**ACTIVITY:** The copy should hold exactly the lines below from the one that contains "本网讯(通讯员:孙马莉、张雅" through the one that contains "Close up of" and nothing else, so no pictures.

**MATERIAL PROVIDED:**

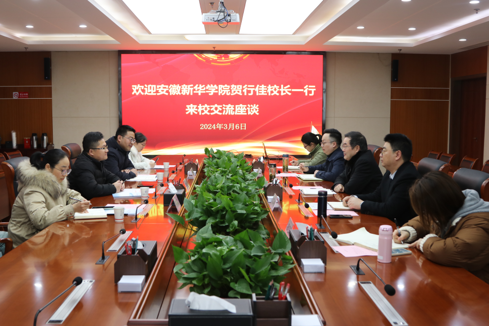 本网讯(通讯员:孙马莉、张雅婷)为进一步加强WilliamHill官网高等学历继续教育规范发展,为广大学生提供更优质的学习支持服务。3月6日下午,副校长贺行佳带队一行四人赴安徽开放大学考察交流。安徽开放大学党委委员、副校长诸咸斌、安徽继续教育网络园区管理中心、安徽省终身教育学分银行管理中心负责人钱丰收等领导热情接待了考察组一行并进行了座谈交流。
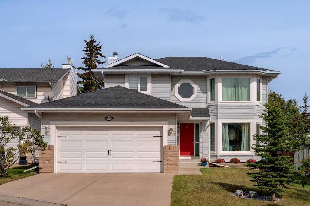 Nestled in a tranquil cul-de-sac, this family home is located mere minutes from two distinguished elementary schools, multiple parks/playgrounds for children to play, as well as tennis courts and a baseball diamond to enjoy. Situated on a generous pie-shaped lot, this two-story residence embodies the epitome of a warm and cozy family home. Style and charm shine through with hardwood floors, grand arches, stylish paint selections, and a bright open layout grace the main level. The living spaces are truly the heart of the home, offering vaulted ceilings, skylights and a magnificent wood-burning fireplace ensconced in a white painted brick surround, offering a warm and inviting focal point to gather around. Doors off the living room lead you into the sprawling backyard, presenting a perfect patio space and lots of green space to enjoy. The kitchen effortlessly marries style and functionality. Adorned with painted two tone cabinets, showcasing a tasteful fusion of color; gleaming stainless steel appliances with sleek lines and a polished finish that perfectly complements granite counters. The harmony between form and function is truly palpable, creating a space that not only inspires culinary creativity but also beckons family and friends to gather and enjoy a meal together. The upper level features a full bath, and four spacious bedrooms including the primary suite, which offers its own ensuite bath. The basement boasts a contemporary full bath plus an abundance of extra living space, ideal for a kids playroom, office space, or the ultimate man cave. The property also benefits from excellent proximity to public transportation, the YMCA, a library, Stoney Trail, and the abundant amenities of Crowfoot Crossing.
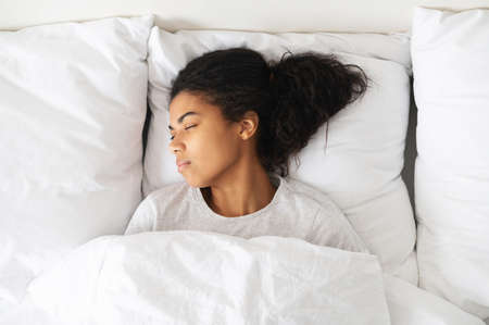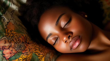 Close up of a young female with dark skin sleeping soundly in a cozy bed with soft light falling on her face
---
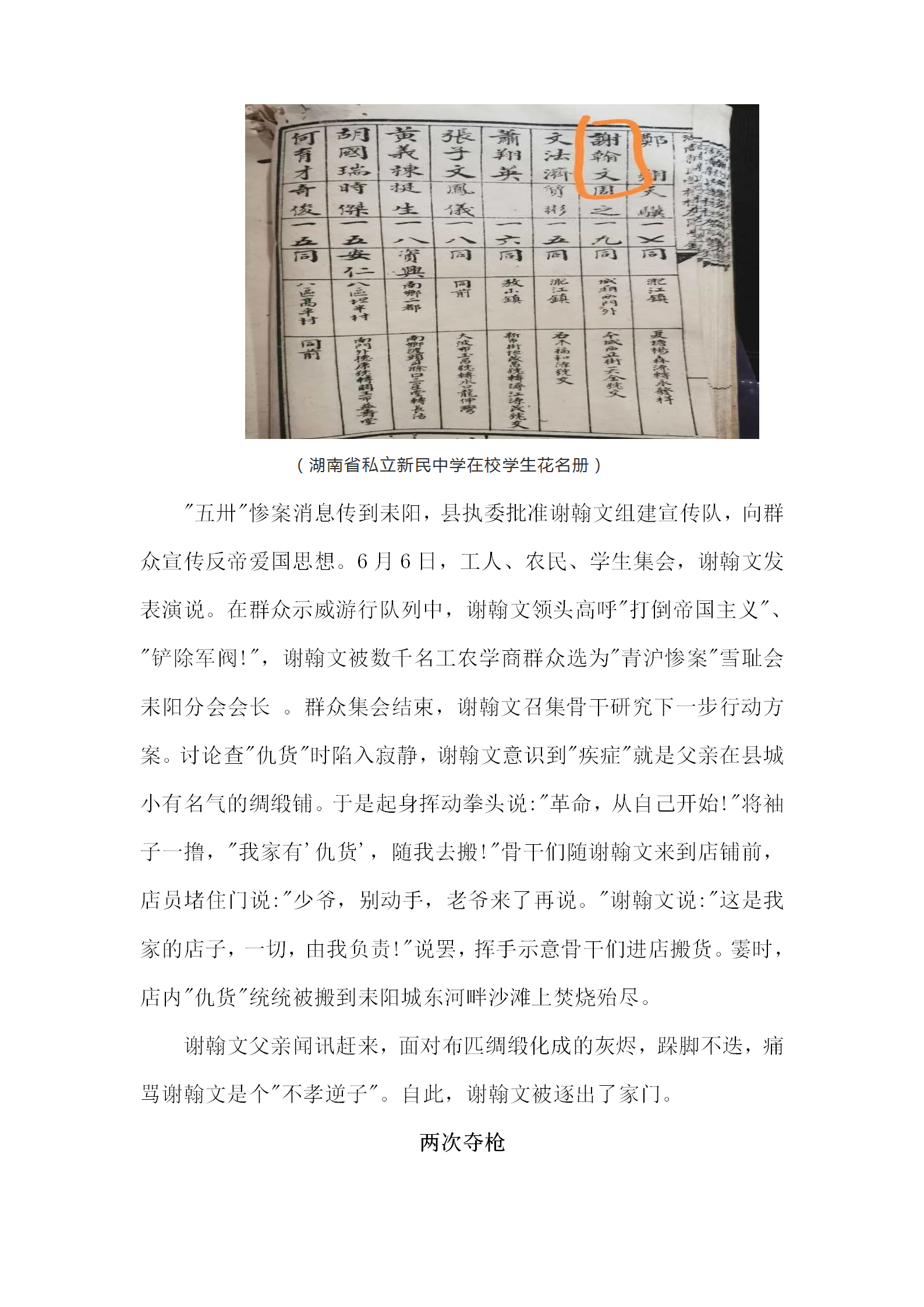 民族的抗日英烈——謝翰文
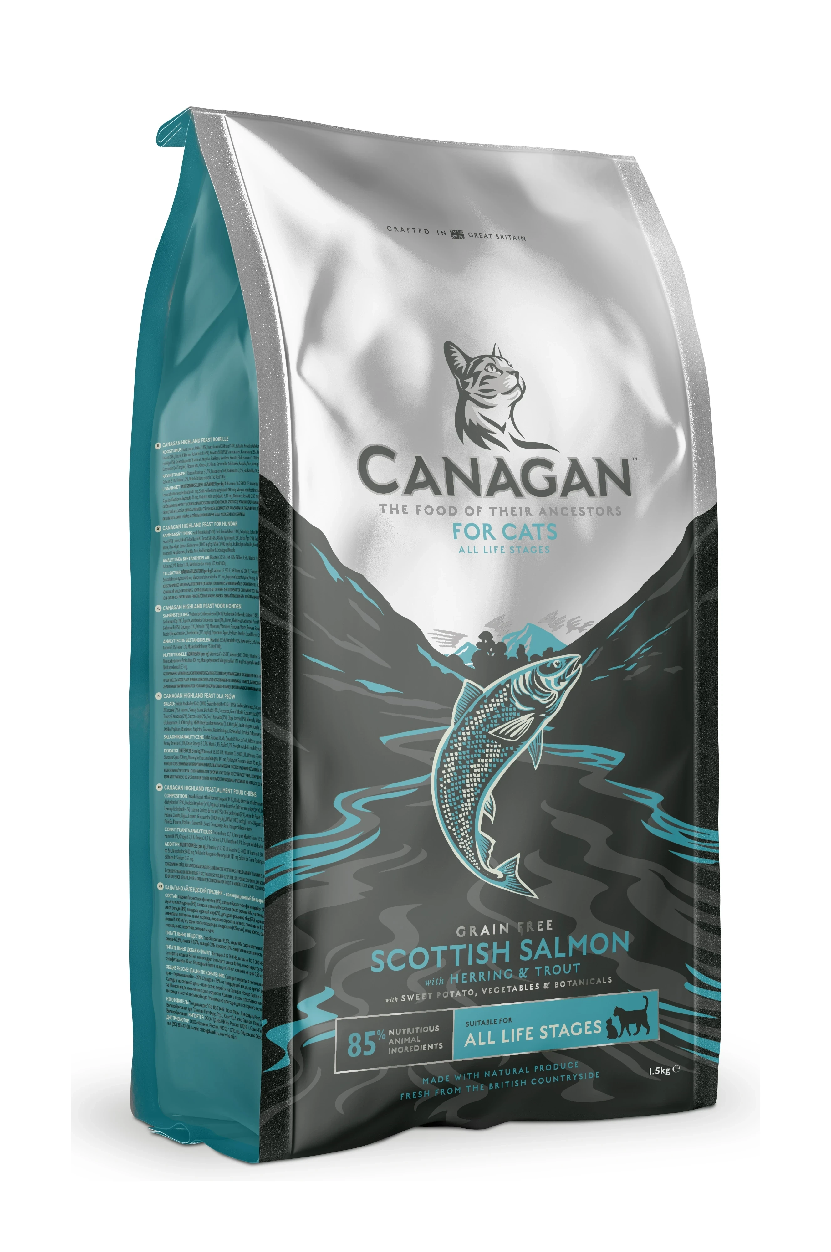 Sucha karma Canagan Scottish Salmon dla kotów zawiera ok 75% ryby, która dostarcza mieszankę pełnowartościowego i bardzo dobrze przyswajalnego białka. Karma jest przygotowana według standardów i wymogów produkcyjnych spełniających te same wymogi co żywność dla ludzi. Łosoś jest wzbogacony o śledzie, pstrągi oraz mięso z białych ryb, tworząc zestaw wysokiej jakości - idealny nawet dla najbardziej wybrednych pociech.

**EXPECTED ANSWER:**
 本网讯(通讯员:孙马莉、张雅婷)为进一步加强WilliamHill官网高等学历继续教育规范发展,为广大学生提供更优质的学习支持服务。3月6日下午,副校长贺行佳带队一行四人赴安徽开放大学考察交流。安徽开放大学党委委员、副校长诸咸斌、安徽继续教育网络园区管理中心、安徽省终身教育学分银行管理中心负责人钱丰收等领导热情接待了考察组一行并进行了座谈交流。
 Nestled in a tranquil cul-de-sac, this family home is located mere minutes from two distinguished elementary schools, multiple parks/playgrounds for children to play, as well as tennis courts and a baseball diamond to enjoy. Situated on a generous pie-shaped lot, this two-story residence embodies the epitome of a warm and cozy family home. Style and charm shine through with hardwood floors, grand arches, stylish paint selections, and a bright open layout grace the main level. The living spaces are truly the heart of the home, offering vaulted ceilings, skylights and a magnificent wood-burning fireplace ensconced in a white painted brick surround, offering a warm and inviting focal point to gather around. Doors off the living room lead you into the sprawling backyard, presenting a perfect patio space and lots of green space to enjoy. The kitchen effortlessly marries style and functionality. Adorned with painted two tone cabinets, showcasing a tasteful fusion of color; gleaming stainless steel appliances with sleek lines and a polished finish that perfectly complements granite counters. The harmony between form and function is truly palpable, creating a space that not only inspires culinary creativity but also beckons family and friends to gather and enjoy a meal together. The upper level features a full bath, and four spacious bedrooms including the primary suite, which offers its own ensuite bath. The basement boasts a contemporary full bath plus an abundance of extra living space, ideal for a kids playroom, office space, or the ultimate man cave. The property also benefits from excellent proximity to public transportation, the YMCA, a library, Stoney Trail, and the abundant amenities of Crowfoot Crossing.
 Close up of a young female with dark skin sleeping soundly in a cozy bed with soft light falling on her face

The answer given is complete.